= Exercise instructions =
Return the listing below verbatim. Pictures do not belong in the copy.

= Information supplied =

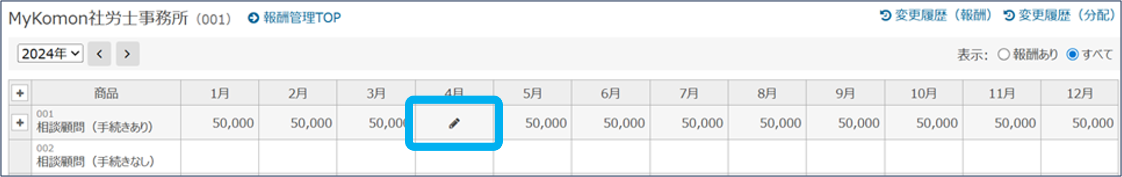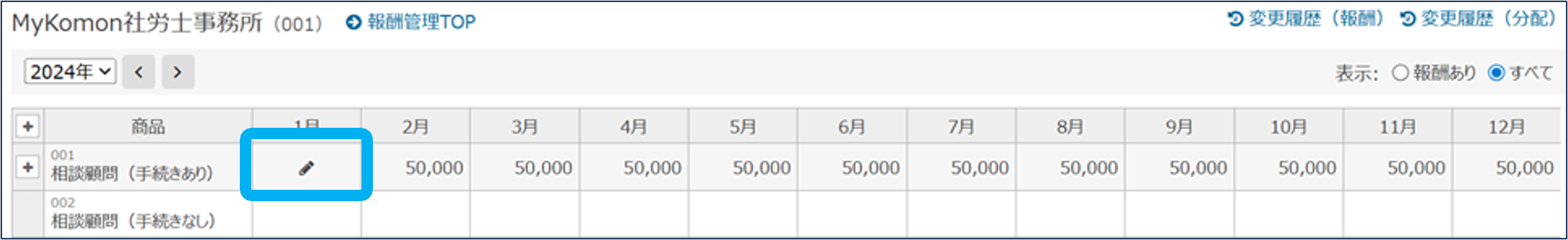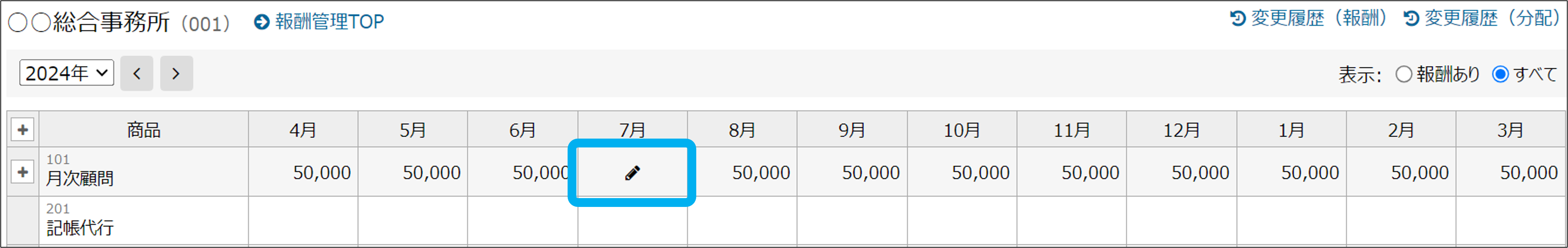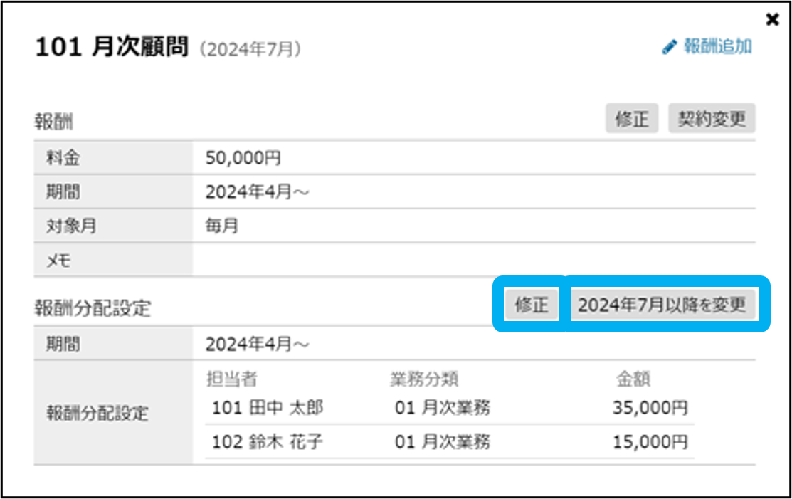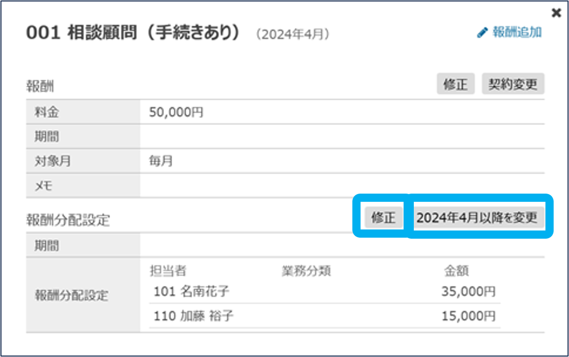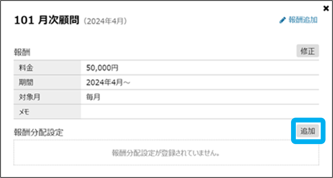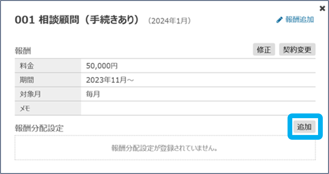 報酬管理の関連マニュアル 利用準備編 活用編 HOME マニュアル 所内メニュー 報酬管理 活用編 報酬分配設定 目次 活用編 TOP 報酬管理マニュアル 活用編 画面紹介 TOP 帳票 事務所情報 事務所の編集・切替・新規登録 報酬 報酬(修正・契約変更) 報酬(一括更新) 報酬分配設定 報酬分配設定(一括登録) その他 エクスポート(報酬管理) 一般職員向け画面 報酬分配設定 報酬分配設定を、途中変更・修正・追加できます。 ①「報酬管理」をクリック ②顧客内の「顧客一覧(顧客管理)」をクリック ③「報酬」をクリック 追加はこちら 追加はこちら 途中変更・修正 ④アイコンをクリック ⑤分配設定を途中で変更する場合は「20XX年○月以降を変更」をクリック 分配設定を修正する場合は「修正」をクリック ⑥必要な項目を設定し、「登録」をクリック 報酬分配設定の途中変更・修正が完了しました。 追加 ④アイコンをクリック ⑤「追加」をクリック ⑥必要な項目を設定し、「登録」をクリック 報酬分配設定の追加が完了しました。 このページを印刷する 報酬管理のよくあるご質問 各帳票を表示する上で、制限はありますか? 「担当者-業績」用分類の、ベース売上とスポット売上の違いは何ですか? 「担当者-業績」/項目設定では、どのように登録したらよいですか? 確定年月は、何を制御するものでしょうか? 報酬管理の閲覧権限、報酬の閲覧・登録権限はどこで設定できますか? 報酬はどのように登録しますか? 契約変更で報酬の料金が変わる場合、どのように変更すればいいですか? 報酬や報酬分配設定の一括登録はできますか? 年の途中から担当者が変わる場合、どのように修正しますか? 顧問契約解除により報酬がなくなる場合はどうしたらよいですか?
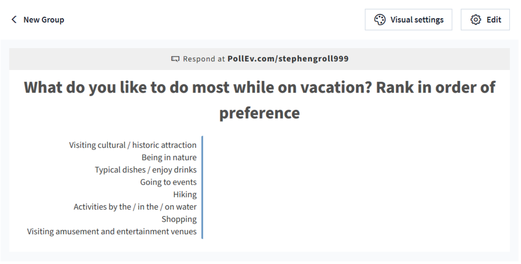 Background and context: I use this type of polling in my German classes as a way to prepare them for interpreting statistical data on German society and culture. The idea is to survey the class about a topic and then see how Germans respond to the same question. In this case, the question was about preferred vacation activities as part of a chapter on travel and leisure. Students take the survey, then compare and contrast their results to those of the German respondents.
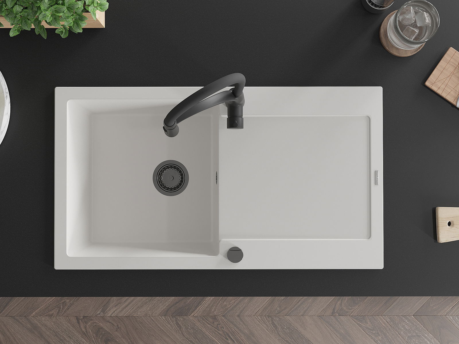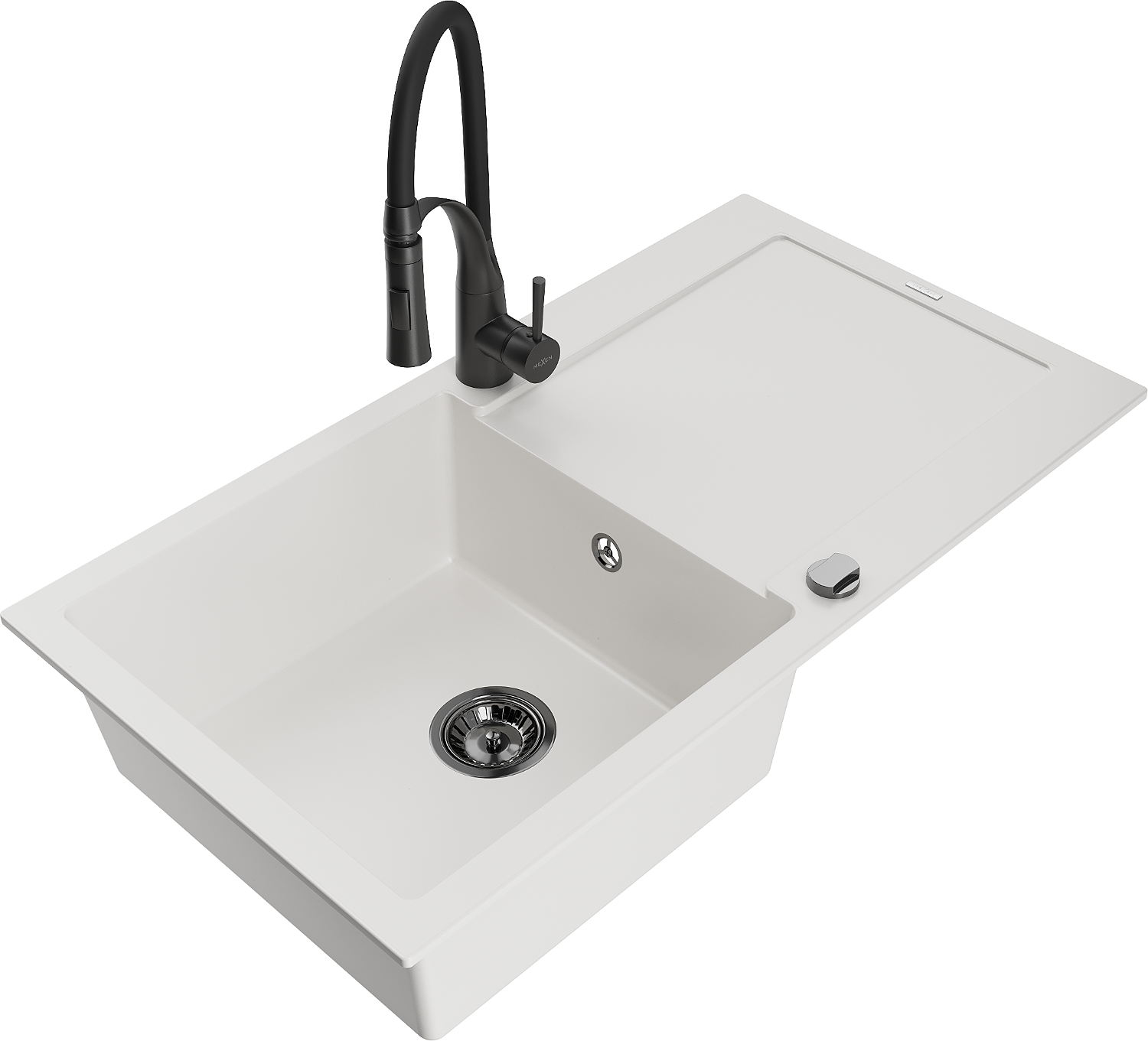 Mexen Leo chiuvetă granit 1-camerală cu picurător și baterie de bucătărie Aster, alb - 6501-20-73450-70-B
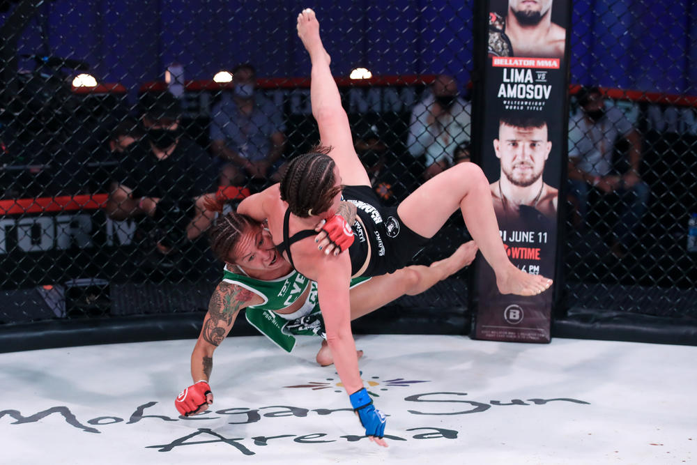 6月11日の「Bellator260」より有観客となる同団体にとって、区切りとなる無観客試合のメインは、世界女子フェザー級(145ポンド・65.8 kg)選手権試合(5分5R)。王者クリス・サイボーグ(ブラジル)

= Response to the exercise =
 報酬管理の関連マニュアル 利用準備編 活用編 HOME マニュアル 所内メニュー 報酬管理 活用編 報酬分配設定 目次 活用編 TOP 報酬管理マニュアル 活用編 画面紹介 TOP 帳票 事務所情報 事務所の編集・切替・新規登録 報酬 報酬(修正・契約変更) 報酬(一括更新) 報酬分配設定 報酬分配設定(一括登録) その他 エクスポート(報酬管理) 一般職員向け画面 報酬分配設定 報酬分配設定を、途中変更・修正・追加できます。 ①「報酬管理」をクリック ②顧客内の「顧客一覧(顧客管理)」をクリック ③「報酬」をクリック 追加はこちら 追加はこちら 途中変更・修正 ④アイコンをクリック ⑤分配設定を途中で変更する場合は「20XX年○月以降を変更」をクリック 分配設定を修正する場合は「修正」をクリック ⑥必要な項目を設定し、「登録」をクリック 報酬分配設定の途中変更・修正が完了しました。 追加 ④アイコンをクリック ⑤「追加」をクリック ⑥必要な項目を設定し、「登録」をクリック 報酬分配設定の追加が完了しました。 このページを印刷する 報酬管理のよくあるご質問 各帳票を表示する上で、制限はありますか? 「担当者-業績」用分類の、ベース売上とスポット売上の違いは何ですか? 「担当者-業績」/項目設定では、どのように登録したらよいですか? 確定年月は、何を制御するものでしょうか? 報酬管理の閲覧権限、報酬の閲覧・登録権限はどこで設定できますか? 報酬はどのように登録しますか? 契約変更で報酬の料金が変わる場合、どのように変更すればいいですか? 報酬や報酬分配設定の一括登録はできますか? 年の途中から担当者が変わる場合、どのように修正しますか? 顧問契約解除により報酬がなくなる場合はどうしたらよいですか?
 Background and context: I use this type of polling in my German classes as a way to prepare them for interpreting statistical data on German society and culture. The idea is to survey the class about a topic and then see how Germans respond to the same question. In this case, the question was about preferred vacation activities as part of a chapter on travel and leisure. Students take the survey, then compare and contrast their results to those of the German respondents.
 Mexen Leo chiuvetă granit 1-camerală cu picurător și baterie de bucătărie Aster, alb - 6501-20-73450-70-B
 6月11日の「Bellator260」より有観客となる同団体にとって、区切りとなる無観客試合のメインは、世界女子フェザー級(145ポンド・65.8 kg)選手権試合(5分5R)。王者クリス・サイボーグ(ブラジル)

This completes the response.